*** DATA PROVIDED Section Begins ***

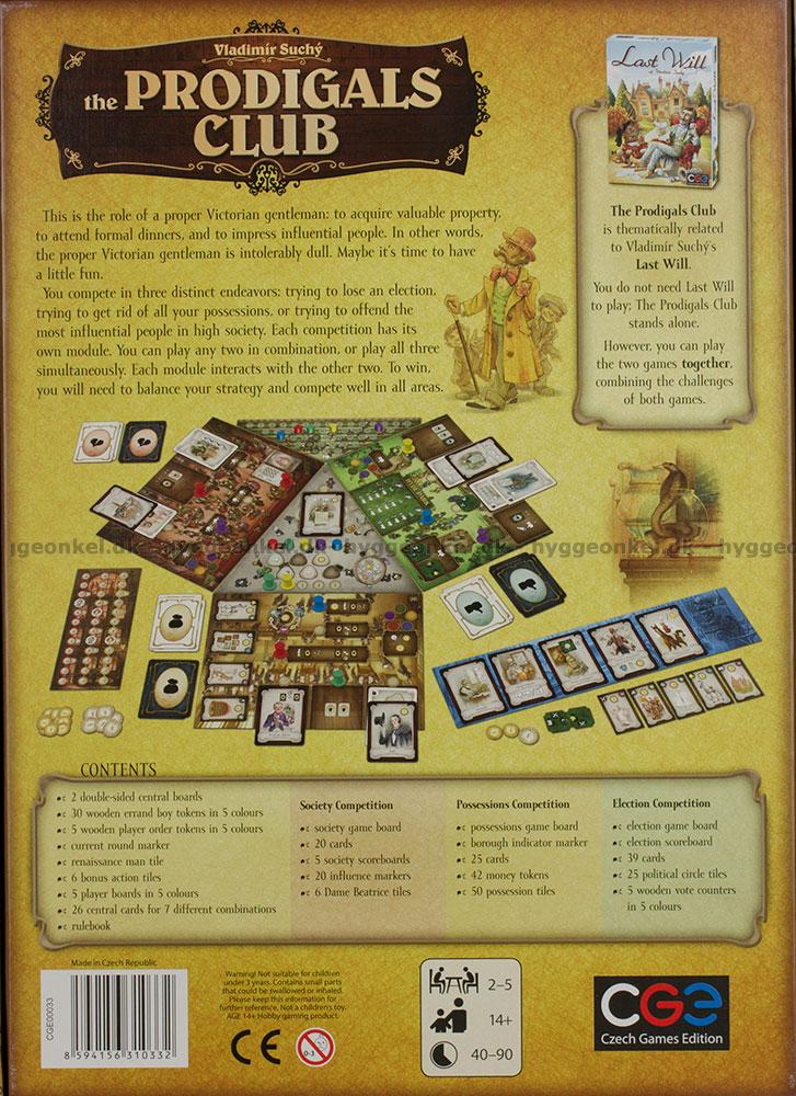 Tematiskt påminner The Prodigals Club om designerns andra spel: "Last Will". Du behöver inte ha Last Will sedan tidigare för att spela The Prodigals Club, men om du äger båda kan de kombineras.
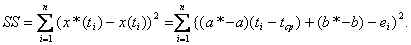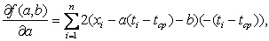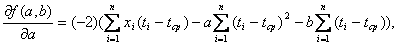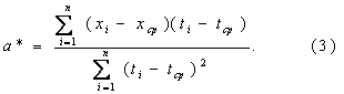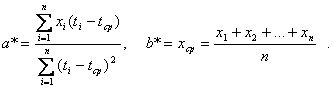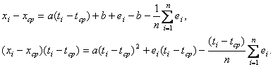 xk = a (tk - tср)+ b + ek , k = 1,2,…,n,
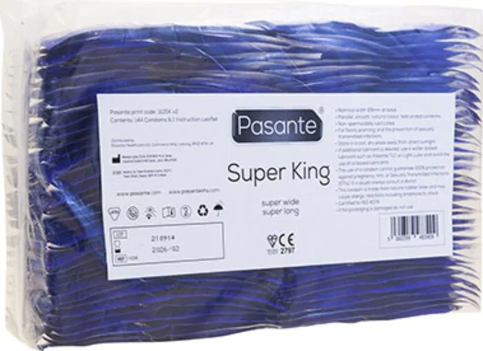 Con 144 unità, questi preservativi Pasante Super King XXL offrono spazio e comfort per chi cerca una vestibilità più ampia e lunga. Ideali per chi trova stretti altri modelli.

*** DATA PROVIDED Section Ends ***

EXERCISE: Retype each line of the listing above word for word. Exclude the pictures.

TASK RESPONSE:
 Tematiskt påminner The Prodigals Club om designerns andra spel: "Last Will". Du behöver inte ha Last Will sedan tidigare för att spela The Prodigals Club, men om du äger båda kan de kombineras.
 xk = a (tk - tср)+ b + ek , k = 1,2,…,n,
 Con 144 unità, questi preservativi Pasante Super King XXL offrono spazio e comfort per chi cerca una vestibilità più ampia e lunga. Ideali per chi trova stretti altri modelli.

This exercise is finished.